The premium paid less any related expenses will be credited to your account in the first year of the policy. Cost of insurance will be deducted each year. Any lump sum additional premium will be credited to your account. The amount in your account will be invested in secured investments. Your account will be credited each year with your share of investment income earned on the invested assets.
It should be noted here that the rate of increase in your account value is subject the investment income earned by the Company on the invested assets, which cannot be predicted in the long range.
An amount equal to 5% of the lump sum single basic premium will be deducted from the account value of the policyholder as management expenses only in the first year of the policy.
A mortality charge will be deducted each year based on the age of the policyholder and the sum at risk and as determined by the actuary.

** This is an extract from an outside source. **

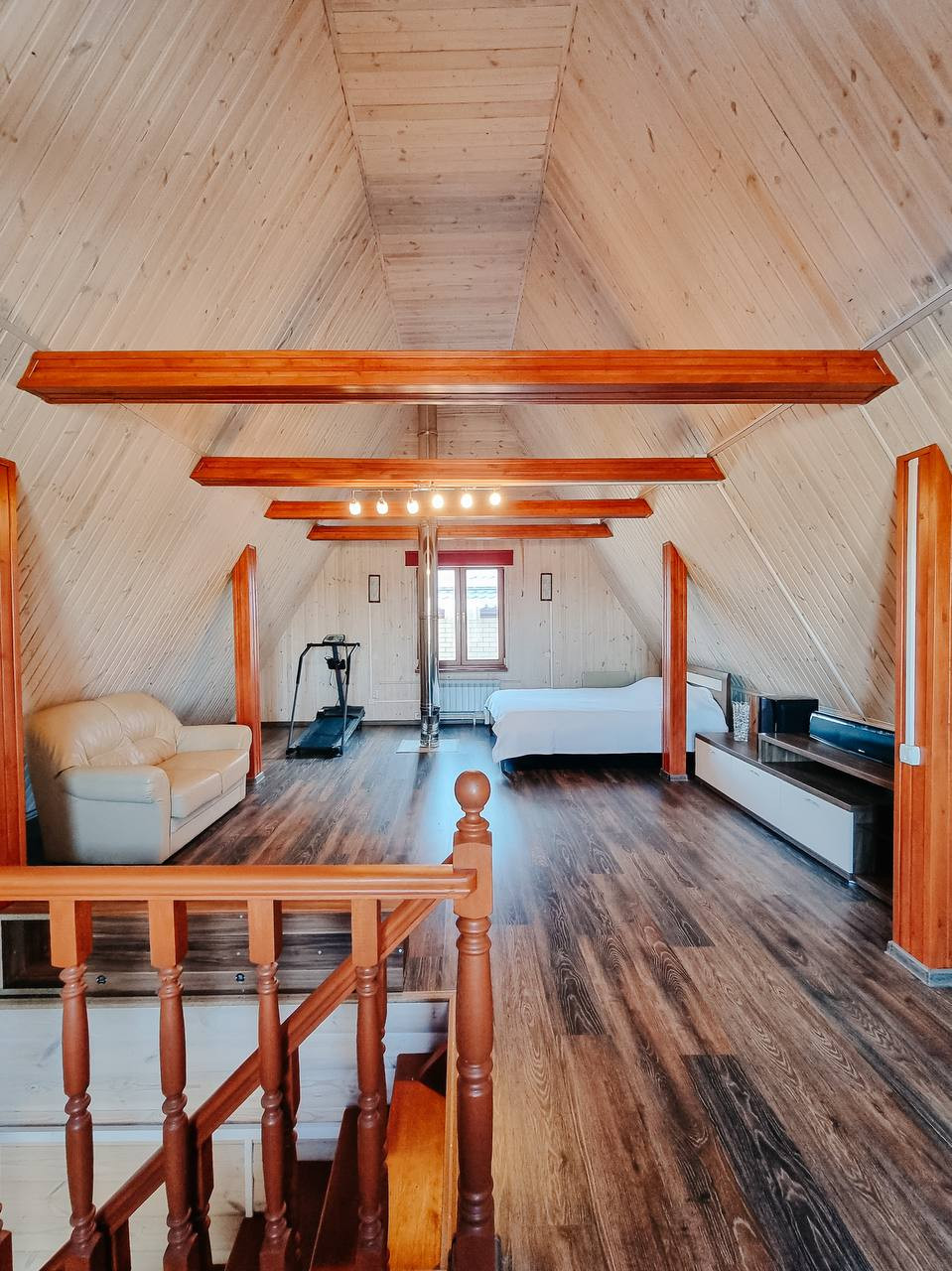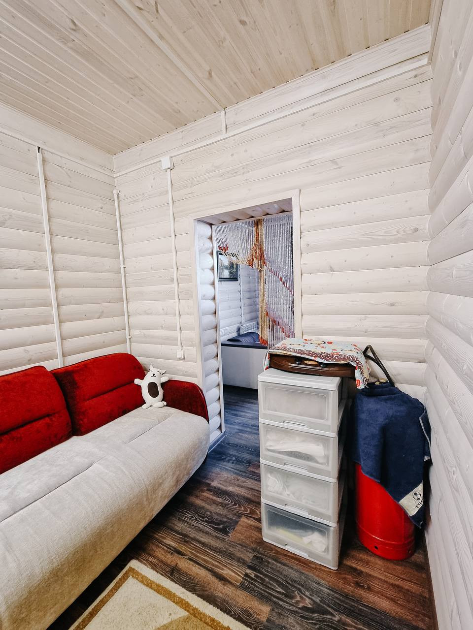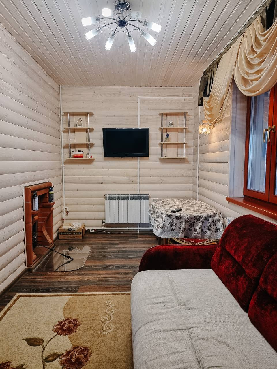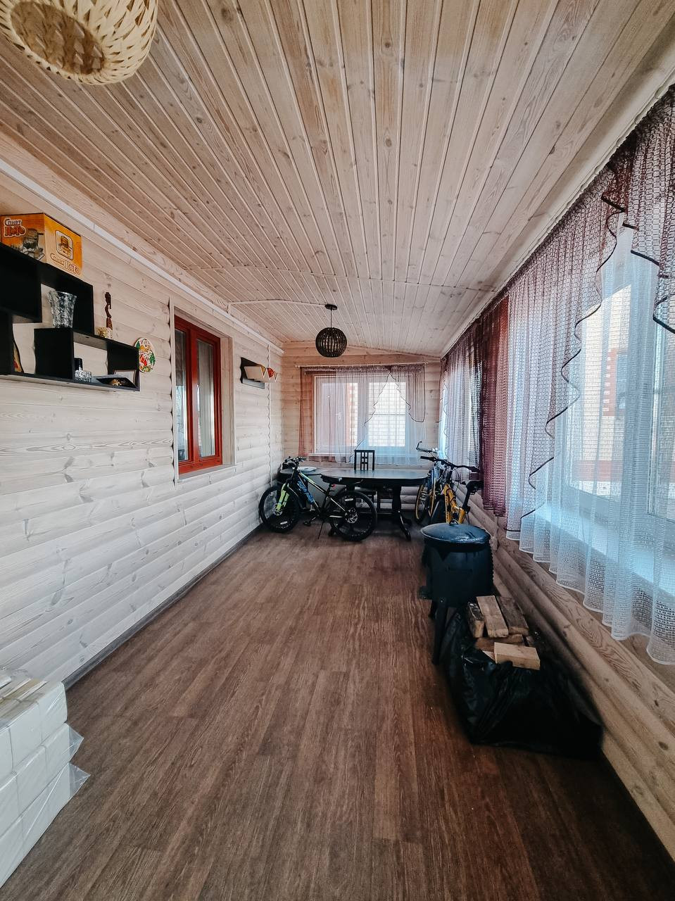 Баня – 6 на 9 метров в 2 этажа из бруса. Газовое отопление. Окна в бане деревянные (двойной стеклопакет). Внутри баня общата блокхаусом и покрыт белой краской (видна фактура дерева), в бане есть кухонный гарнитур, спальня на 2ом этаже. Так же есть холодная веранда.

After two policy years have been completed, and provided the policy has not terminated, you can make partial withdrawals, at your written request, against the Net Cash Value of the policy. The amount of the withdrawal can be such that there should be a minimum residual balance in the account to continue the policy. The minimum residual balance criteria are as follows:
The policy will result in much higher cash values if no amount is taken out of the policy withdrawal. Hence, it is in your best interest not to make withdrawal from your policy unless there is really a genuine need.
After two policy years have been completed you may ask us to pay you 100% of your account value and terminate the Policy.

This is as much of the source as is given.